Task to complete |
Look for the line containing "(Device type /" and the line containing "5月9日,在愛沙尼亞首都塔林" in the entries below. Copy those two and all lines between them exactly, leaving out pictures.

Material provided |
+ + + + + + +

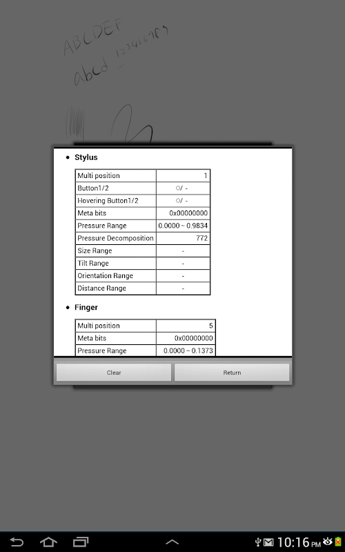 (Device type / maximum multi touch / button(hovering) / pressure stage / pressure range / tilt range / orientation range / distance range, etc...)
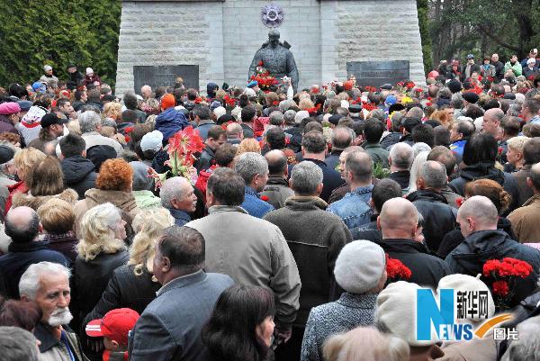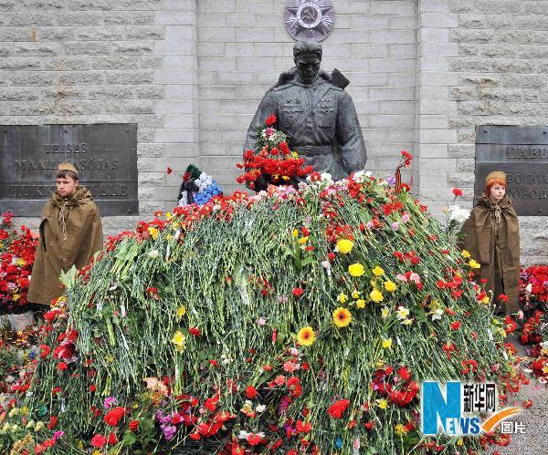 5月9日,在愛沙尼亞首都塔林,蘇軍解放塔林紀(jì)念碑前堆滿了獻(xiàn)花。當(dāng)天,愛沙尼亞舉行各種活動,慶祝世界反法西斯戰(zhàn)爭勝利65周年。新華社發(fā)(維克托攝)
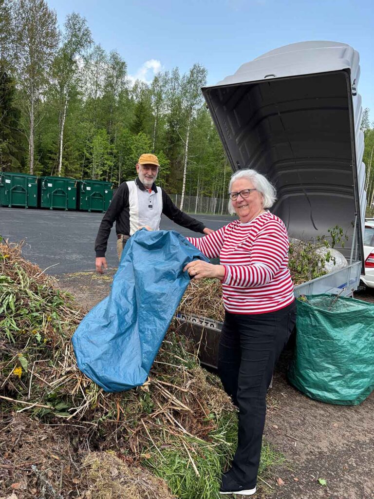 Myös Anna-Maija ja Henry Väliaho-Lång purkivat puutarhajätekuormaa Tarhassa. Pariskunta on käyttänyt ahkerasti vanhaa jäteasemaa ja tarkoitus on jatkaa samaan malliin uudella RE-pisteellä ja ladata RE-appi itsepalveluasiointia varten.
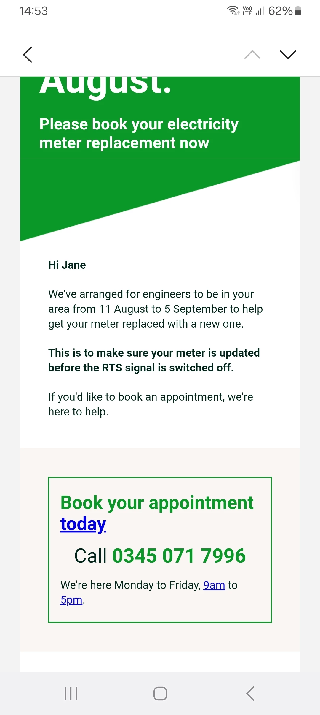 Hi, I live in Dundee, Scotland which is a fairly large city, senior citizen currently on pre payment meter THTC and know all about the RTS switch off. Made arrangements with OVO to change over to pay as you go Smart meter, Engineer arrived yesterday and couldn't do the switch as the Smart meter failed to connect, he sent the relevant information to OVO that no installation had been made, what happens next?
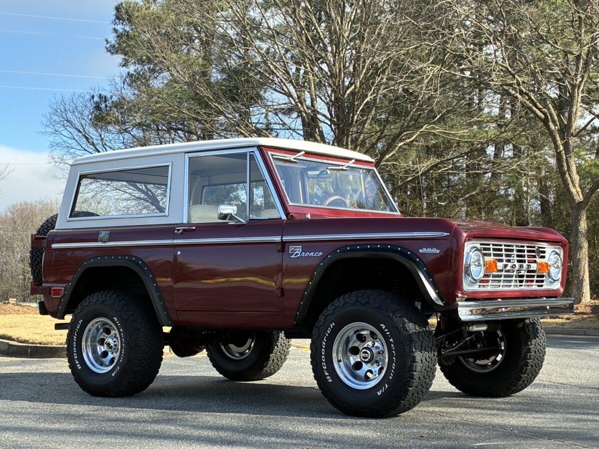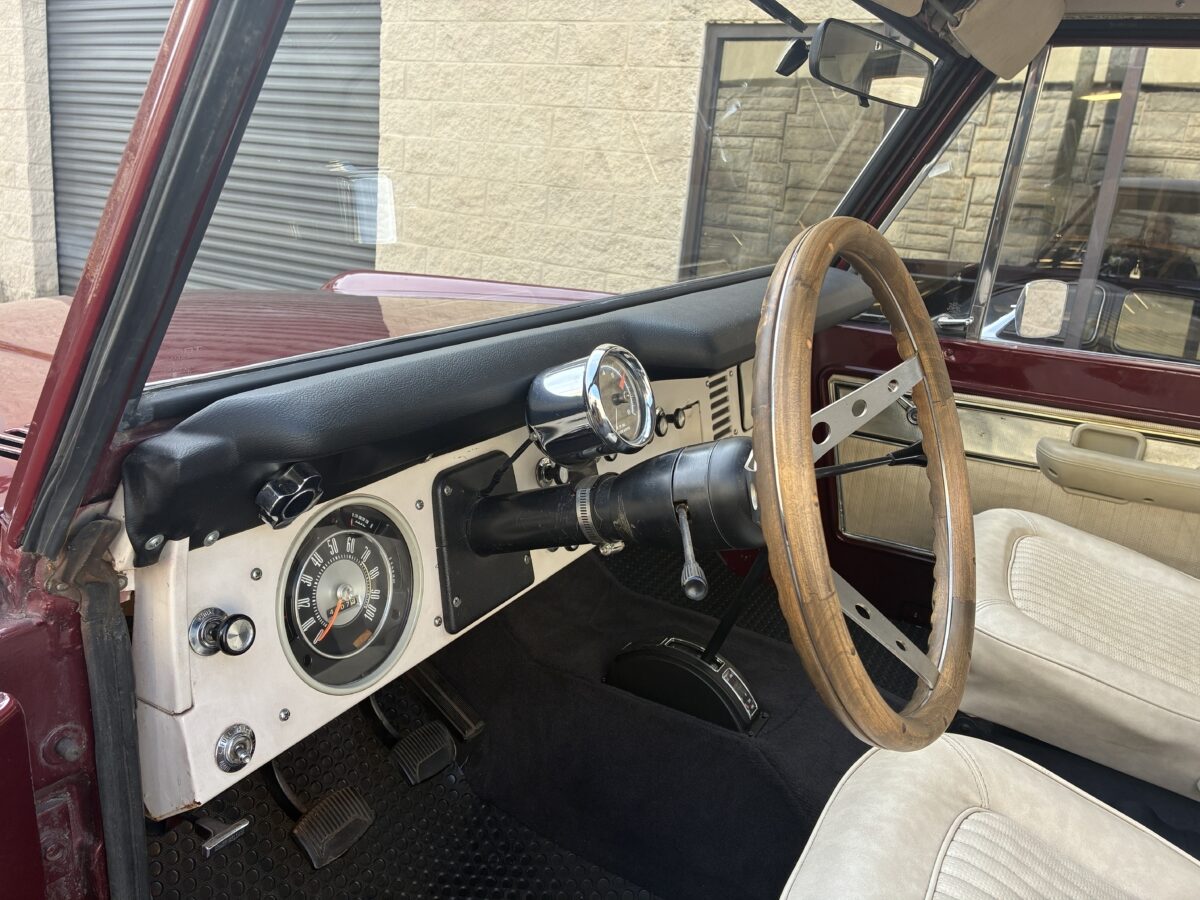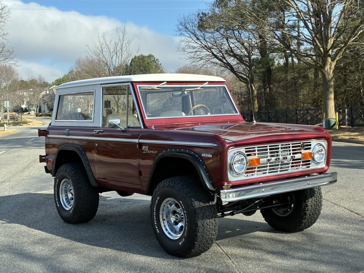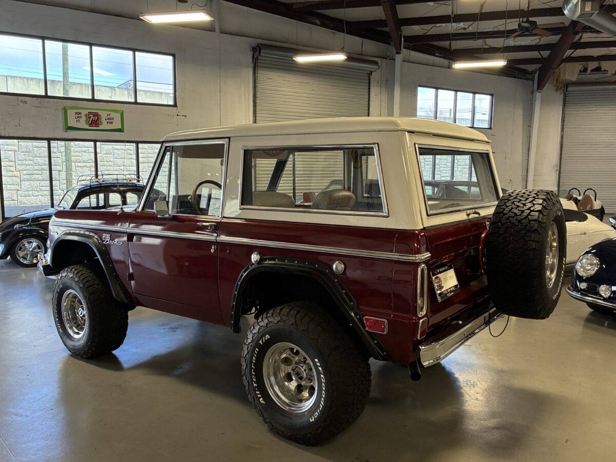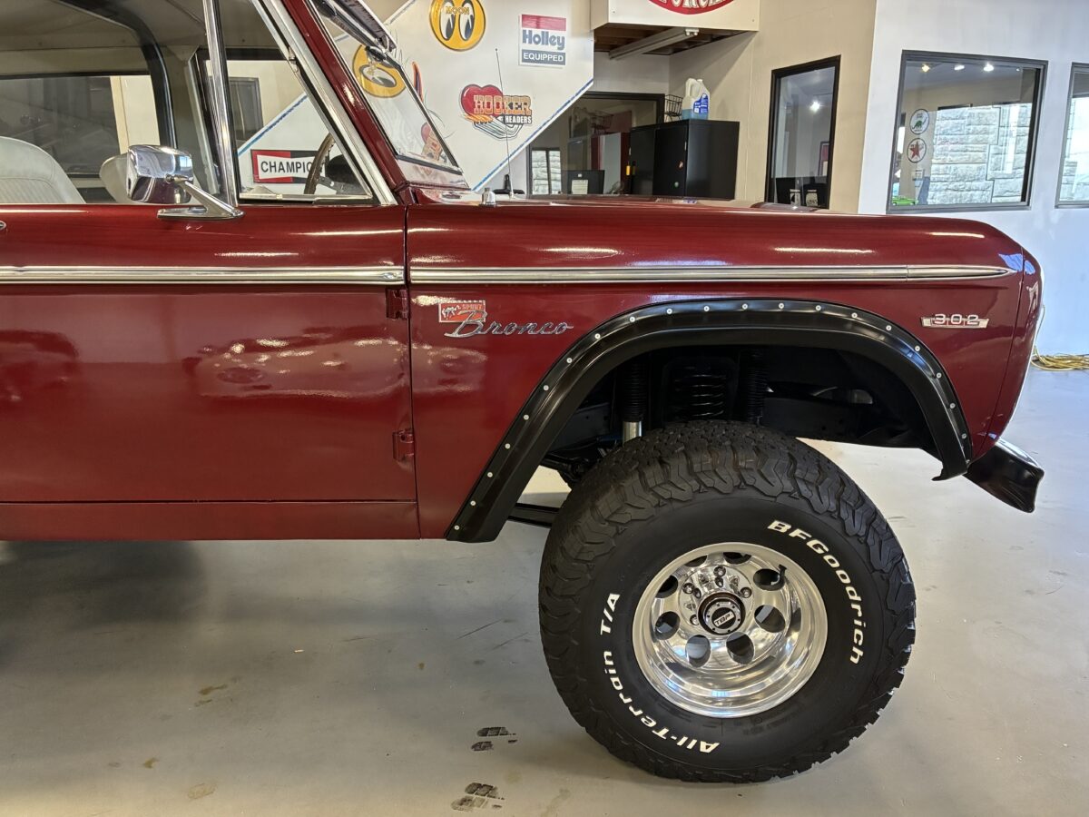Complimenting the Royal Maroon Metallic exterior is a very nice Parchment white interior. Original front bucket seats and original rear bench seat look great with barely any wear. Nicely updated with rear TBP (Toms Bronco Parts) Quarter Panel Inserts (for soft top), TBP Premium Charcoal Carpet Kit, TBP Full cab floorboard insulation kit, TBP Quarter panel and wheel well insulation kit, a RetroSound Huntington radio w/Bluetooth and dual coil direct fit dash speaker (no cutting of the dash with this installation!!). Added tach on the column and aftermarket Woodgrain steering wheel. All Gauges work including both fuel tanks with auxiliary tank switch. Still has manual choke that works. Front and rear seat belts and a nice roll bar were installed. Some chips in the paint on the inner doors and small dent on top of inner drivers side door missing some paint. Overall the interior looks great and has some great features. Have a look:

+ + + + + + +

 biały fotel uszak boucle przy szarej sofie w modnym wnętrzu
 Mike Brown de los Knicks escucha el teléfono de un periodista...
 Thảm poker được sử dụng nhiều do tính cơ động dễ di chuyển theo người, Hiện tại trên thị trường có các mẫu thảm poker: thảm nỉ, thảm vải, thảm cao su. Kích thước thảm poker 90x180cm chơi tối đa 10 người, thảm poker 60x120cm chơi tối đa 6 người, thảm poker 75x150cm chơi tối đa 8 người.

+ + + + + + +

Exercise response |
 (Device type / maximum multi touch / button(hovering) / pressure stage / pressure range / tilt range / orientation range / distance range, etc...)
 5月9日,在愛沙尼亞首都塔林,蘇軍解放塔林紀(jì)念碑前堆滿了獻(xiàn)花。當(dāng)天,愛沙尼亞舉行各種活動,慶祝世界反法西斯戰(zhàn)爭勝利65周年。新華社發(fā)(維克托攝)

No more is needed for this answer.